DSRCT is a rare, aggressive form of sarcoma causing diffuse abdominal pain in mainly young men. Different preoperative imaging modalities are used for diagnosis to evaluate locoregional and extra-abdominal disease extent. Imaging studies show multiple soft tissue masses throughout the abdomen without any clear primary tumor source [5]. Histological analysis of tissue biopsies reveal round tumor cell nests separated by desmoplastic stroma [7]. Further immunohistochemical analysis show a heterogeneous pattern with positive epithelial and neural markers [6]. Finally, only the translocation (11;22)(p13;q12) in which the Wilms tumor (WT)1-gene is fused to the EWSR1-gene characterizes DSRCTs and distinguish them from Ewing sarcoma or other sarcomas which often appear similarly [1, 5]. As DSRCT are highly sensitive to chemotherapy, patients should be initially treated with six cycles of systemic chemotherapy (mostly combination of vincristine, doxorubicin, and cyclophosphamide). If tumor masses decrease to a minimum of 20% after six cycles, chemotherapy should be completed with 8–12 cycles. In case of tumor progression second-line chemotherapy (temozolomide/irinotecan, cyclophosphamide/topotecan, and high-dose ifosfamide) should be considered. CRS combined with or without intraperitoneal chemotherapy is only recommended if complete cytoreduction is predicted after completion of chemotherapy. Adjuvant chemotherapy may be considered after complete cytoreduction. Patients with progression after therapy or extraperitoneal disease extent should be enrolled in clinical trials, should be considered for whole abdominal radiation therapy, or should be offered salvage and/or palliative chemotherapy [1]. Cytoreductive surgery includes peritonectomy and visceral resections to achieve no macroscopic residual disease. HIPEC regimens often include cisplatin which showed a 30-month overall survival rate of 78% in a recent phase 2 trial [8]. In our case, the poor general condition of the patient only enabled initiation of palliative chemotherapy.

Conclusion

We present a very rare cause of recurrent abdominal pain caused by DSRCT. Especially in men presenting with unspecific abdominal pain and massive intra-abdominal tumor masses without any clear origin, DSRCT should be included in the differential diagnosis.
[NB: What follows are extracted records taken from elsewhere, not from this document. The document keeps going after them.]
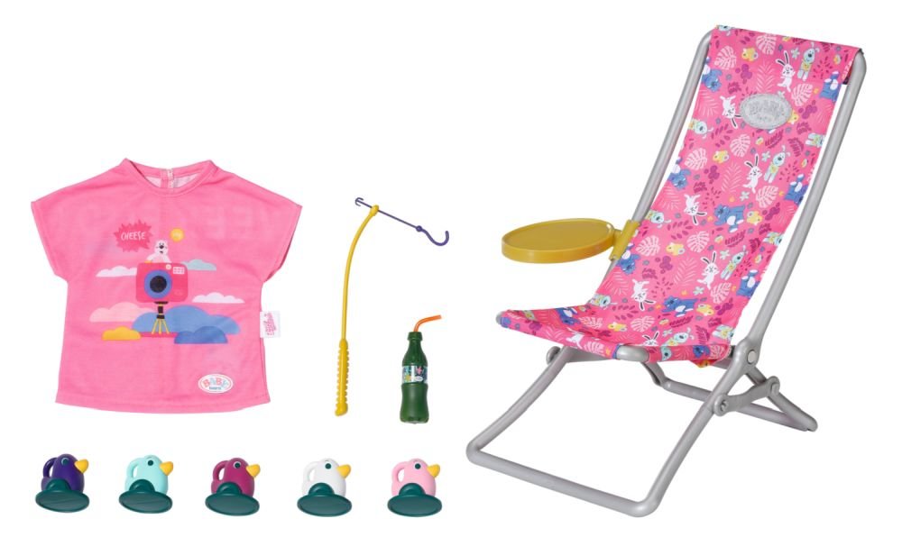 "„V moři je ryb mnohem víc…“ Ale BABY born raději chytá roztomilá káčátka. Zatímco pohodlně sedí v růžovém lehátku s barevným vzorem, snaží se na háček udičky chytit jednu z pěti kačenek. Tu a tam si usrkne limonádu, kterou má položenou na žlutém stolku u lehátka. Když vyloví všechny kačenky a má...
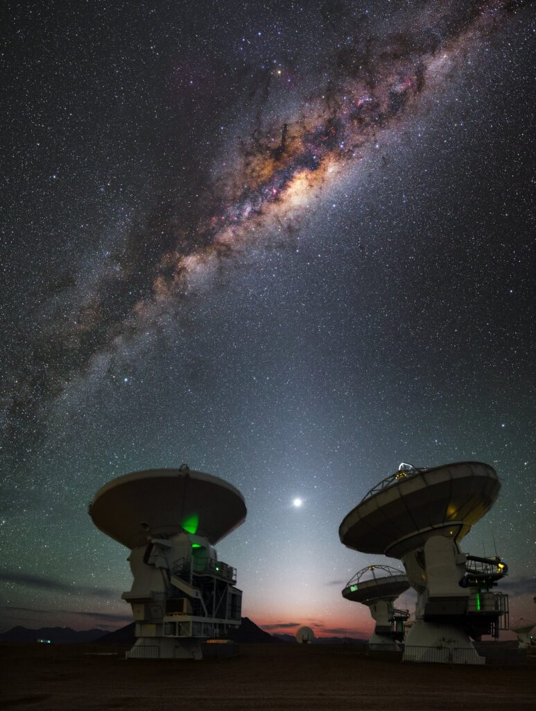 “Anche in assenza di punti di riferimento terrestri è spesso possibile individuare quando il Sole o la Luna sono stati aggiunti artificialmente confrontandoli con altri oggetti celesti. Ad esempio, l’immagine in basso a sinistra è spesso condivisa sui social media come una vera e propria fotografia di un’eclissi solare vista dallo spazio. Si tratta infatti di un’immagine generata al computer dall’artista A4size-ska , che la rivela apertamente come tale. Uno degli indizi è che il Sole e la Luna non sono affatto grandi rispetto alla Via Lattea, che puoi vedere appena sotto il “Sole eclissato” nell’immagine. Confrontandola con una fotografia reale che mostra la Via Lattea nel cielo (a destra), scattata all’Atacama Large Millimeter/submillimeter Array (ALMA) non è difficile notare le reali proporzioni”.
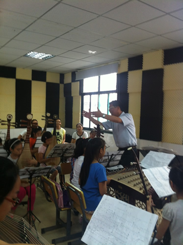 9月21日上午,正当大家沉浸在中秋小长假的节庆气氛中,奉贤区青少年活动中心学生民乐团的孩子们却早早地来到了排练厅,因为今天,他们将和自己的“新师傅”们见面。对于这支学生民乐团,青少年活动中心的领导可谓不遗余力,除了安排活动中心4位教师常任执教外,还聘请了区文化馆、市民族乐团的演奏家们每周前来执教,更力邀市特级教师、民乐专家曹建辉老师定期来指导。课堂上,正在排练着刘小剑老师编写的民乐小合奏《茉莉花》,只见孩子们个个全心投入、意气风发。可以看到,在经过前期的10余次训练后,他们在演奏技巧、协作能力和团队意识等方面都有了显著的提高。

All other possible malignancies with peritoneal masses (rhabdomyosarcoma, lymphoma, neuroblastoma, neuroectodermal tumor, mesothelioma, and tumors of gastrointestinal or ovarian origin) have to be included in the differential diagnosis and should be excluded with extensive immunohistochemical and consecutive molecular investigations [5]. Because only rare cases have been described so far, clear therapeutic guidelines are lacking. Therapeutic approaches include chemotherapy, radiotherapy, cytoreductive surgery, and/or hyperthermic intraperitoneal chemotherapy (HIPEC).